Vyome reports positive final phase 2 results for VT-1953; Plans to advance into pivotal study for FDA approval

New Delhi: Vyome Holdings, Inc. has announced the final results from an investigator-initiated Phase 2 proof of concept study of VT-1953 topical gel in people with malignant fungating wounds.

VT-1953, a first-in-class immunomodulator for this indication, achieved both its primary and secondary endpoints. With this result, Vyome plans to advance to Phase III pivotal trial, seek FDA approval, and enter the $1B potential addressable market as the only anticipated approved solution for malignant fungating wounds.

“These are exciting results for Vyome, both in our primary and secondary endpoints. Inflammation is one of the greatest problems in the world today, and our study on malignant fungating wounds showed that those who received our drug VT-1953 had significant and rapid improvements in symptoms, quality of life, and emotional and physical functions. These positive results give us high confidence as we design a very cost-efficient pivotal study for FDA approval and a real opportunity to solve an important unmet need, a billion-dollar addressable market opportunity,” said Dr. Shiladitya Sengupta, co-founder and director of Vyome and Associate Professor of Medicine at Harvard Medical School.

MFW is a debilitating condition that occurs in 5-14% of advanced cancer patientsⁱ. It is estimated that there are over 693,000 patients with advanced cancer in the US alone and approximately 10M globally.
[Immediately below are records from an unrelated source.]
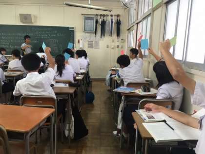 カードを使って自分の意見を示し、いろんな意見があることに気づきました。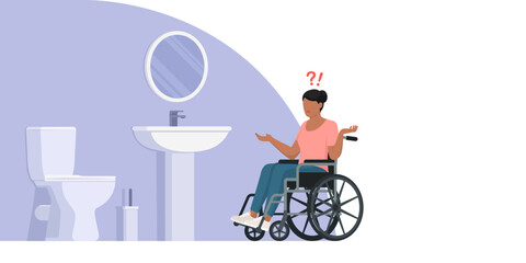 Unhappy young black woman suffering from lack of wheelchair friendly facilities, cannot get home without ramp, copy space. Inaccessible city environment for people with special needs concept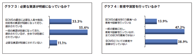 力量については「BCMS要員に必要な力量を定め、要員への教育や訓練を行っているか」との問いに、「教育や訓練を行っている」はわずか13.9%にとどまり、「一部の要員に対してのみ行っていて、すべての要員ではない」が47.2%、さらに「事業継続教育や訓練は行っていない」38.9%もあったが(グラフ4)。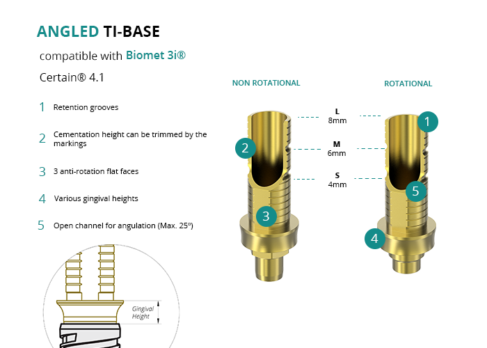 GT-Medical's Angled Ti-Base are compatible with Certain® 4.1 implants from Biomet 3i®, ensuring a stable and long-lasting connection between the implant and the prosthesis, while also allowing angulations to be corrected up to 25 degrees. They are made entirely of Titanium Grade 5 with a yellow anodizing for a more aesthetic finish. They have a cementation trunk that can be cut to various heights with an open channel to allow angulation, 3 flat faces to perform the anti-rotating function and a gingival body of various heights, depending on the type of connection.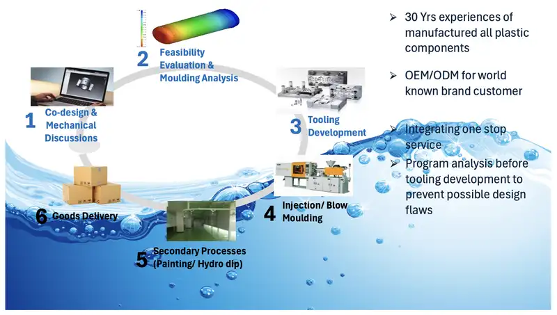 Founded in August 1989, INFusion Plastics Industries Inc. (was known as GFK) specializes in the production of plastic injection products. During the starting phrase, our areas of expertise include plastic injection products such as automotive, motorbike and All Terrain Vehicles parts and air filters. We have accumulated mold development technology and production capacity over the years. More over, in 2012, INJEX company has joined the company Group to further expand and also to complete the product lines, in the area of blow molding.

Cancer cells break through the skin and cause a chronic wound (MFW), which is extremely distressing to patients, given the high burden of symptoms, including extreme bad smell, severe pain, a feeling of shame, low self-esteem, and social isolationⁱⁱ. 

On the primary endpoint of bad smell or malodor scored by the investigator, patients treated with VT-1953 achieved a statistically significant improvement (P=0.002) from what was a very severe bad smell at baseline to a much milder smell within just 14 days of treatment. The improvement at the end of 14 days seen with VT-1953 was statistically significant (P=0.0015) compared with vehicle-treated patients. A statistically significant improvement was seen with VT-1953 as early as Day 7 (P=0.015). VT-1953 was well-tolerated by patients.

On the secondary endpoint of patient-reported impact of bad smell on the quality of life, VT-1953 resulted in a statistically significant improvement (P=0.0256) compared to vehicle-treatment by Day 14. Patients treated with VT-1953 also reported a clinically significant improvement in pain symptoms (exploratory endpoint) by Day 14 (P=0.002 compared with baseline; P=0.0026 vs vehicle-treated patients). On a patient-reported Quality of life component score (exploratory endpoint), treatment with VT-1953 resulted in a significant improvement by Day 14 (P=0.002) compared to baseline and vs vehicle-treatment (P=0.0032).     

Venkat Nelabhotla, CEO of Vyome, stated that “these positive results reinforce the potential of VT1953, and we are now preparing to engage with the FDA to design and initiate a pivotal Phase III clinical study in 2026. Over the past several months, we have strengthened our team with top-tier clinical, regulatory, and scientific leaders who bring deep experience in advancing differentiated therapies. This positions us well for disciplined execution as we move into the next phase of development. Vyome remains well capitalized through 2026, allowing us to advance VT1953, a potentially orphan designation program, as a part of our broader chronic immune-inflammation portfolio. We look forward to progressing this program thoughtfully and responsibly toward its next key milestones.”

The global immune-inflammatory market size is expected to reach USD 431.11 billion by 2033, growing at a CAGR of 8.2% from $212 billion in 2024ⁱⁱⁱ.